ItemincomeexpenditurebalanceNote
Exchequer 65.0 77.3 -12.3
Financial transactions -3.6 -1.2 -2.4
Timing adjustments 0.9 -0.7 1.6
Extra-budgetary funds 3.6 3.1 0.5 4
Non-market public corporations* 36.3 38.2 -1.9 5
Local Government 8.9 9.1 -0.2 6
Social Security Funds 10.6 14.3 -3.7 7
Total 121.7 140.1   8
Income less expenditure =GGB     -18.4  

*Sometimes referred to as non-commercial semi-state bodies 

Notes 

  1. Exchequer Balance is the starting point in calculating the general government balance.
  2. Financial transactions are comprised of loans granted and repaid and equities acquired or sold that are contained within the Exchequer balance. Such transactions have no impact on net worth and therefore do not affect the general government balance. Accordingly revenues and issues included in the Exchequer balance are deducted. Examples include loans to the Social Insurance Fund and Irish Water or equities acquired in international development banks.
  3. Timing adjustments are made to Exchequer transactions to reflect the period in which the economic activity took place. This includes adjustments to the timing of interest payments and tax receipts.
  4. Extra-budgetary funds The surplus/deficit of several extra-budgetary funds are included next. Included here are such funds as the Local Government Fund and the National Training Fund.
  5. Non-market public corporations  see the Register of public sector bodies for the full list of agencies included here.
  6. Local government balance is the combined balances of local authorities, approved housing bodies classified to the local government sector and non-market public corporations controlled by local authorities.
  7. Social security funds comprises the Social Insurance Fund and any pension funds classified in general government.
  8. Total sums the data in the rows above. The general government balance is calculated in the bottom right cell by adding the income data to and subtracting the expenditure data from the Exchequer balance.

Footnotes

GFS are compiled from both the non-financial accounts – revenue and expenditure - and the financial accounts – transactions in assets and liabilities. In principle the balance in each should equal.

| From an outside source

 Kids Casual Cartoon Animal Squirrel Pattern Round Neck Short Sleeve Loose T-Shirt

2The general government sector (S.13) consists of institutional units which are non-market producers whose output is intended for individual and collective consumption, and are financed by compulsory payments made by units belonging to other sectors, and institutional units principally engaged in the redistribution of national income and wealth.

Annex

Legal background

Government finance statistics are part of the national accounts frameworks and are compiled in accordance with the European System of Accounts (ESA). This accounting standard, consistent with the United Nations System of National Accounts, provides a harmonised set of definitions, accounting rules and classifications for the preparation of comparable macro-economic statistics by EU Member States.

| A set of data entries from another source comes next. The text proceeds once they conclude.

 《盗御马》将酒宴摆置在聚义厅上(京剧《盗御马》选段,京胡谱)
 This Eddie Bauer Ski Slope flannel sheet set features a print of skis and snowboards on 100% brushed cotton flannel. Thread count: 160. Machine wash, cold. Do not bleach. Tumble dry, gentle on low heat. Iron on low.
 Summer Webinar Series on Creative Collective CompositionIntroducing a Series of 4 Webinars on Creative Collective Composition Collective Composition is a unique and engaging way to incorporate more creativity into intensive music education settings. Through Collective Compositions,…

European Union fiscal rules are enshrined in the Maastricht Treaty and require that government deficits and debt must be below 3% of GDP and 60% of GDP respectively. The rules are further elaborated by the Stability and Growth Pact. Council Regulation 479/2009 on application of the protocol of the excessive deficit procedure (EDP) legislates for the provision of this data by reference to ESA. Thus ESA is the legally binding conceptual framework for EDP.

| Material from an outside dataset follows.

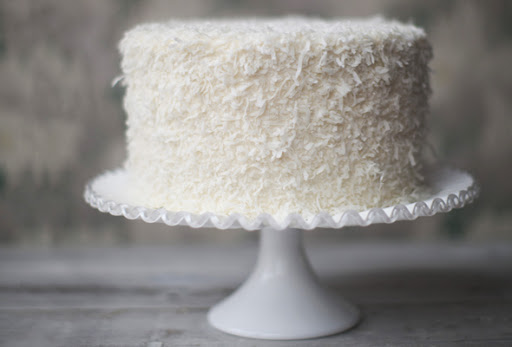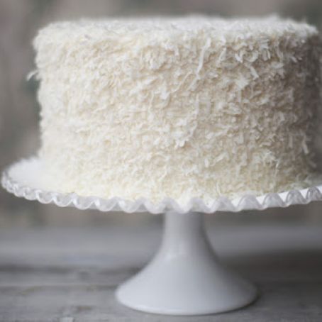 •11. Place 1 cake layer, bottom-side up, on a cake plate. Use an offset spatula to spread half of the filling on top. Add the second cake layer, bottom-side down, and spread the top with the remaining filling. Top with the third layer, bottom-side up. Use a large offset spatula to spread the frosting over the top and sides of the cake. Use the palm of your hand to gently press the coconut onto the sides and top of the cake.

General government definition

ESA provides a definition2 of general government and in simple terms this can be thought of as any revenue or expenditure under control of the government or that is aimed at meeting policy objectives of the government. In practice, it is often more complicated and, in addition to ESA, Eurostat and experts from Member States have prepared additional guidance in the form of the Manual on government deficit and debt and further guidance notes on specific cases. The general government sector can be further sub-divided into sub-sectors as follows:

Sub-sectors of general governmentIn Ireland:
Central government Exchequer and non-commercial semi-state bodies and agencies
State government Not applicable
Local government Local authorities and approved housing bodies
Social security finds Social Insurance Fund

The Central Statistics Office publishes a bi-annual register detailing the composition of general government and forms the basis for GFS and EDP reporting for Ireland.